Loving the Little Years is a delightful book. That may seem a strange comment on a book that deals with life with such candor. It's all here: the fights in the back of the car, the dirty diapers, sinks full of dishes, runny noses, exhaustion--all the stuff of having five young children. It is a fresh and honest book, because it faces the problem of sin (both in kids and in parents). It is filled with profound insights into living wisely as a Christian parent. It has all the things I look for in a parenting book the focus is nurture, not just control; the motivation and empowerment is grace and not efforts. This book will help any mom (or dad for that matter) with loving the little years. --Tedd Tripp, pastor and author of Shepherding a Child's Heart

Insightful, encouraging, honest and practical and a great deal of fun to read. Rachel is a blessing to her husband and her little ones. Now she is also a blessing to me and mine. May this book bless you and yours as well. --R.C. Sproul, Jr.
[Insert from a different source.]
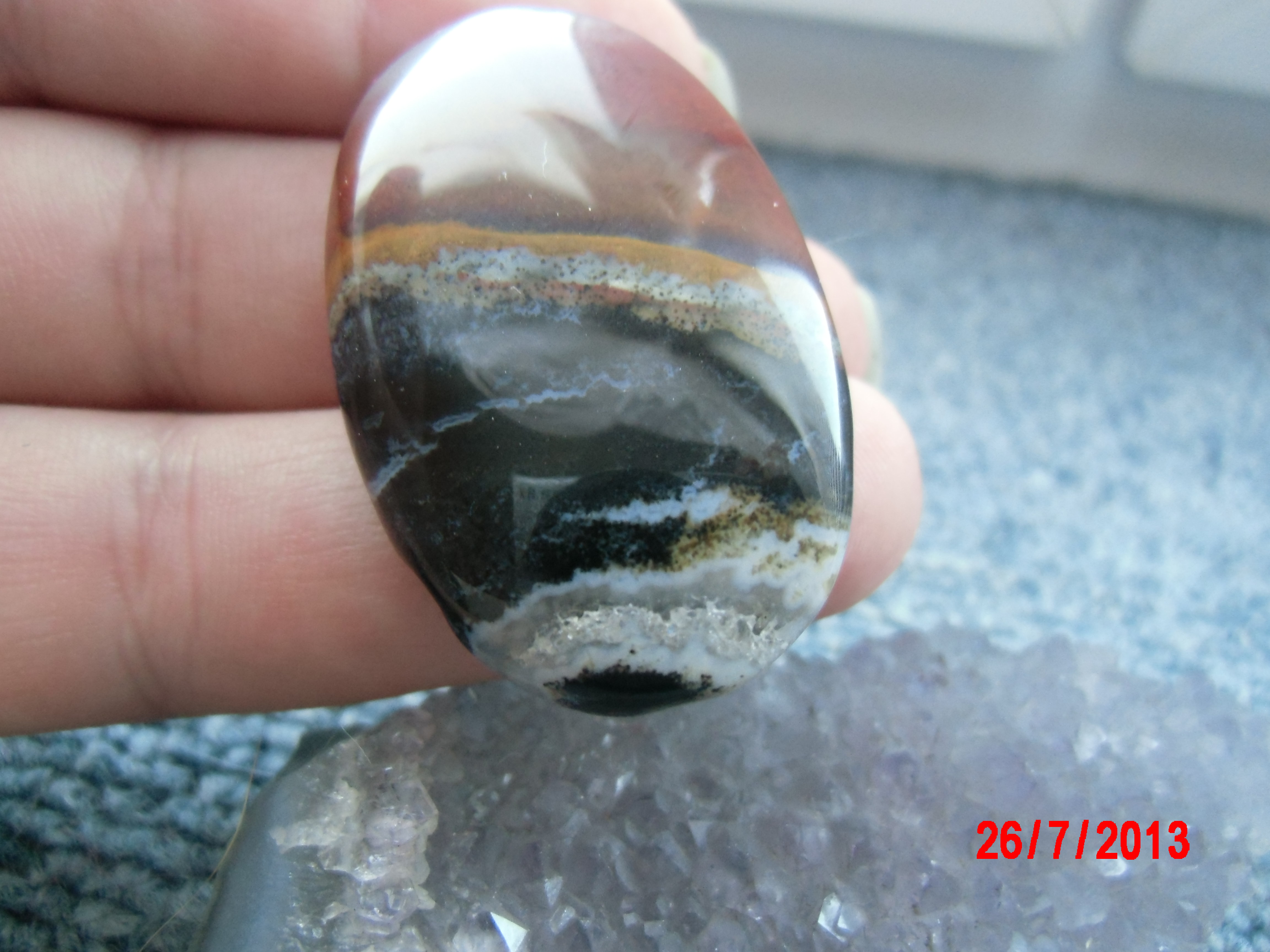 es ist ein recht hochwertig getrommelter Achat,Jaspis oder Hornstein.

Mothers of little people have one of the most challenging and important jobs on earth. But it is a humble job. Rachel Jankovic is a woman who lives out her story with humility, grace, and a houseful of humor. And with five exuberant children, ages five and under, you can be sure she knows what she is talking about. -- --Nancy Wilson, author of Praise Her in the Gates and The Fruit of Her Hands

About the Author

Rachel Jankovic is a wife, homemaker, and mother. She received her bachelor's degree in Liberal Arts & Culture from New Saint Andrews College, but mostly reads cookbooks now to avoid story grip (being highly susceptible). In 2003, she married her husband Luke, and they have five children who know how to party. Their little posse includes Evangeline (5), Daphne (4), Chloe (2), Titus (2), and Blaire (5 months). Rachel loves color, fabric, yarn to knit with, kids to laugh at, and laundry (not so much).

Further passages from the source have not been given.